Understanding your market is the first place one should start when vetting  a real estate deal. If a metro area is not growing, neither will the value of your real estate. Our guest today is a leading, internationally-recognized expert on the topic.

John Boyd founded The Boyd Company to help big companies like PepsiCo, Boeing, Hewlett-Packard, and JP Morgan Chase with their corporate site selection. With five decades of experience, he’s gained deep knowledge of markets across the nation. He’s a popular speaker on topics pertaining to business relocation, the economy, and the direction of new corporate development and jobs. And, he’s here with us on the Real Wealth Show!

Click here to learn about the best places to buy rental property in 2019.

Podcast Transcript

Kathy Fettke: John, welcome. It’s so great to have you here.

John Boyd: It’s great to be here.

Kathy: You are a commercial real estate expert in the Houston area. Houston, boy, has had some tough times and at the same time, there’s massive growth. What’s the latest? What’s going on in Houston today?

John: We view Houston as one of the strongest markets for companies and for entrepreneurs to be investing in today, for a myriad of reasons. The first reason is just the overall state business climate and the favorable tax structure, and the tax advantages go beyond the lack of a corporate or personal income tax. But, also the property tax rates in Houston today are much more attractive to executives of major companies in the northeast after the Tax Reform Bill a couple of years ago, which limited property tax deduction to $10,000. There’s a lot of dollars and cents drivers that fuel the attractiveness of Houston, and beyond the costs, the idea that Houston has really diversified itself beyond energy, there’s an exciting technology scene happening in Houston. The city is uniquely linked to the global marketplace.

Kathy: How so?

John: You have George Bush Continental Airport, which is the 10th busiest airport in the U.S., with an impressive roster of nonstop flights to major markets. There’s a common denominator among cities that are attracting major corporate head office projects today, and that common denominator is a link to the global marketplace. Having a major airport, like George Bush, is a major asset and it puts Houston in the mix with other head office cities like Chicago with O’Hare, Boston with Logan, the New York City metro area with Newark Liberty and LaGuardia and JFK.

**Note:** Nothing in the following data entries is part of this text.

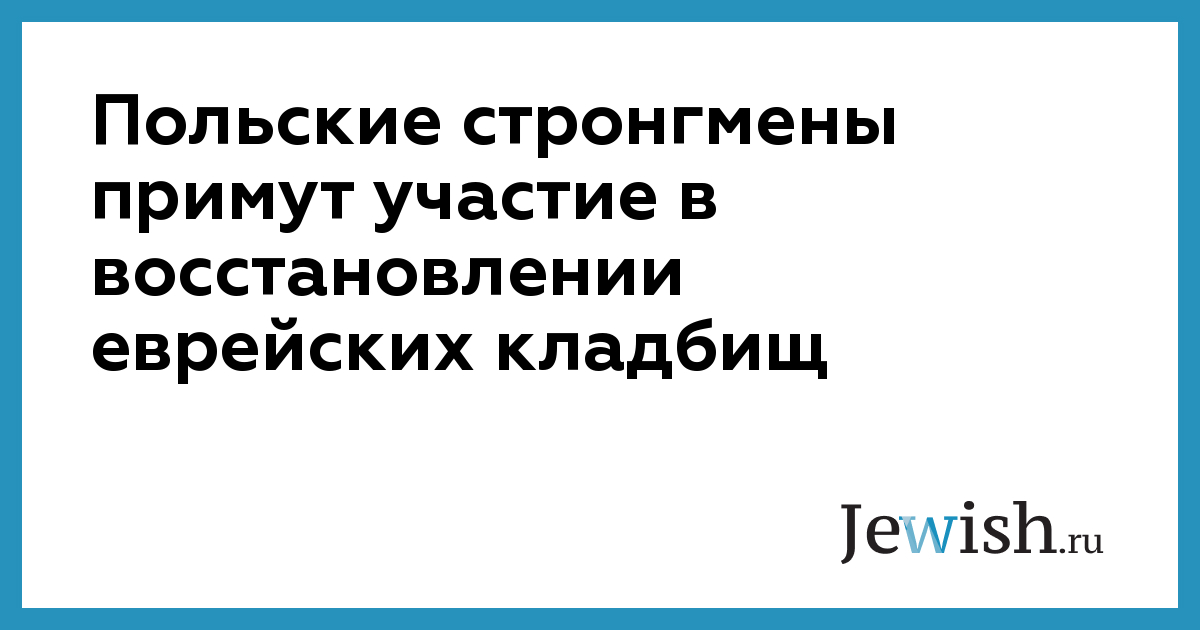 Польская федерация стронгменов (спортсменов, занимающихся силовым экстримом) займется восстановлением еврейских кладбищ совместно с израильской организацией From the Depth. Польские стронгмены будут помогать волонтерам From the Depth переносить еврейские надгробия из труднодоступных мест в специально организованные хранилища. Речь идет о памятниках с разрушенных кладбищ, которые на протяжении десятилетий использовались в качестве строительного материала или для мощения мостовых. В настоящее время волонтеры From the Depth занимаются поиском этих надгробий по всей территории Польши.
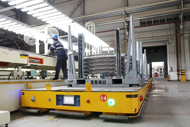 鋼板完成所有沖壓工序之后,都會(huì)經(jīng)過(guò)人工檢查,如果有問(wèn)題會(huì)交到返修部門(mén)。配合檢測(cè)的還有平行光檢測(cè)室,檢測(cè)頻率是50件/次,檢測(cè)合格的產(chǎn)品會(huì)由AGV小車運(yùn)往倉(cāng)庫(kù)。這種小車在其他車間同樣能夠見(jiàn)到,是個(gè)智能的自動(dòng)運(yùn)輸設(shè)備。
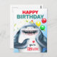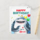 Requin rougissant portant un chapeau de fête avec des ballons.
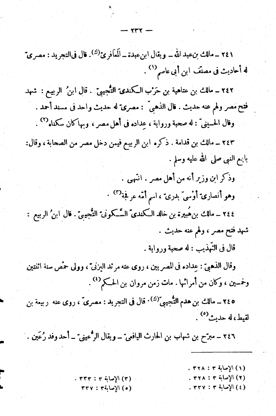 243- مالك بن قدامة. ذكره ابن الربيع فيمن دخل مصر من الصحابة، وقال: بايع النبي صَلَّى اللَّهُ عَلَيْهِ وَسَلَّمَ.

That idea of the unique link to the global marketplace with air travel and also your port, which connects you and connects the economy to the booming Latin American market, that’s something that we always look for when we look at markets that are poised to sustain growth and markets that are attractive for our clients to invest in. It’s that unique link to the global marketplace, and you have that in Houston.

Kathy: How would you say Houston compares to Dallas, which has been a hot spot as well?

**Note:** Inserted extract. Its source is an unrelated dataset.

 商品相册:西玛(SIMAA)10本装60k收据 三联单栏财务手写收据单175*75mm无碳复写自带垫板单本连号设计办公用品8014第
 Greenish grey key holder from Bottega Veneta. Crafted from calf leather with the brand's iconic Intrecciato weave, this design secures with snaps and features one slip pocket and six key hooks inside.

John: Dallas in the metroplex is on a roll. The Texas economy is firing on all eight cylinders today, and we see all the exciting things happening in Dallas, but some people like vanilla, some people like chocolate, and this idea of historically Dallas had a little more pizzazz. I think a lot of it had to do with the television show and JR Ewing, but Houston has done a terrific job in diversifying its economy.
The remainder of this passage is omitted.